**Data shown**
———

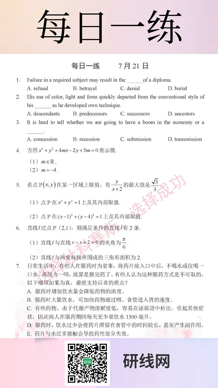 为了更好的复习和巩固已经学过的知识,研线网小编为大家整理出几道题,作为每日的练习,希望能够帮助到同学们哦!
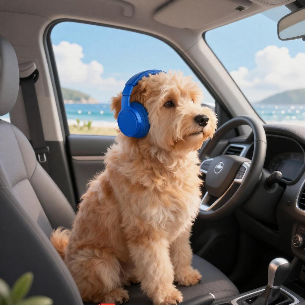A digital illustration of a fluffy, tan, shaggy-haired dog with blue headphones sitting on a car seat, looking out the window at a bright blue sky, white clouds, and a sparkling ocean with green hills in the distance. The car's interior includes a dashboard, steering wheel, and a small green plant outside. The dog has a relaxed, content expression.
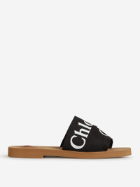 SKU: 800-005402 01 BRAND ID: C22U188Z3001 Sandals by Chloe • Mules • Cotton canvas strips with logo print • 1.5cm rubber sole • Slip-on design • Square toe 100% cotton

———

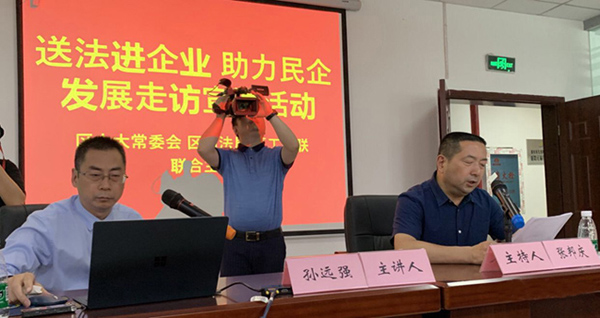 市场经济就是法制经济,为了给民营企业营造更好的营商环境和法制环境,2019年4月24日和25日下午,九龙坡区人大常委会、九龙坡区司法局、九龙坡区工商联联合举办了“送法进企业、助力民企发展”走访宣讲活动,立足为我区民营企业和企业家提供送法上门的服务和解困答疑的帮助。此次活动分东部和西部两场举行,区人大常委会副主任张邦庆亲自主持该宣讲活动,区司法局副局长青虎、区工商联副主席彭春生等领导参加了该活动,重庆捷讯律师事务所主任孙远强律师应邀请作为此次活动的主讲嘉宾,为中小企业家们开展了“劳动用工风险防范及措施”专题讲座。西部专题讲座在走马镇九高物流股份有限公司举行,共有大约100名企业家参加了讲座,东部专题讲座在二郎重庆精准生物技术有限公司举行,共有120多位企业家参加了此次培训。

———

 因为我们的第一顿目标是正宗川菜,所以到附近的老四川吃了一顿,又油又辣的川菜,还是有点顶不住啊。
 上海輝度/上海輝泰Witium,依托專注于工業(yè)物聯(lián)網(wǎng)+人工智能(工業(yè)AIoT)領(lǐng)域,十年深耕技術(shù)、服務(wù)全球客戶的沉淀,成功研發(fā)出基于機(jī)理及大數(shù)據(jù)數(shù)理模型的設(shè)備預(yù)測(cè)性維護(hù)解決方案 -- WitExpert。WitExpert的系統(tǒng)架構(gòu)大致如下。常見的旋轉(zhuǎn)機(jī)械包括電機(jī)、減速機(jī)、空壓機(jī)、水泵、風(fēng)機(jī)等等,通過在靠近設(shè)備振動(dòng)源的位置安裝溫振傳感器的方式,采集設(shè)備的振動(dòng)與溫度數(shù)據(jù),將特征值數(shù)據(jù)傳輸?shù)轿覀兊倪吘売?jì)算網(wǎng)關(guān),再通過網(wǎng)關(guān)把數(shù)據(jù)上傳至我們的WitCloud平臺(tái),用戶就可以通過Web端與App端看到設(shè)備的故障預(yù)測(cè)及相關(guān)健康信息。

———

In the listing above, find the line containing "为了更好的复习和巩固已经学过" and the line containing "SKU: 800-005402 01"; print those lines and every line between them exactly, leaving out pictures.

**Answer space**
 为了更好的复习和巩固已经学过的知识,研线网小编为大家整理出几道题,作为每日的练习,希望能够帮助到同学们哦!
A digital illustration of a fluffy, tan, shaggy-haired dog with blue headphones sitting on a car seat, looking out the window at a bright blue sky, white clouds, and a sparkling ocean with green hills in the distance. The car's interior includes a dashboard, steering wheel, and a small green plant outside. The dog has a relaxed, content expression.
 SKU: 800-005402 01 BRAND ID: C22U188Z3001 Sandals by Chloe • Mules • Cotton canvas strips with logo print • 1.5cm rubber sole • Slip-on design • Square toe 100% cotton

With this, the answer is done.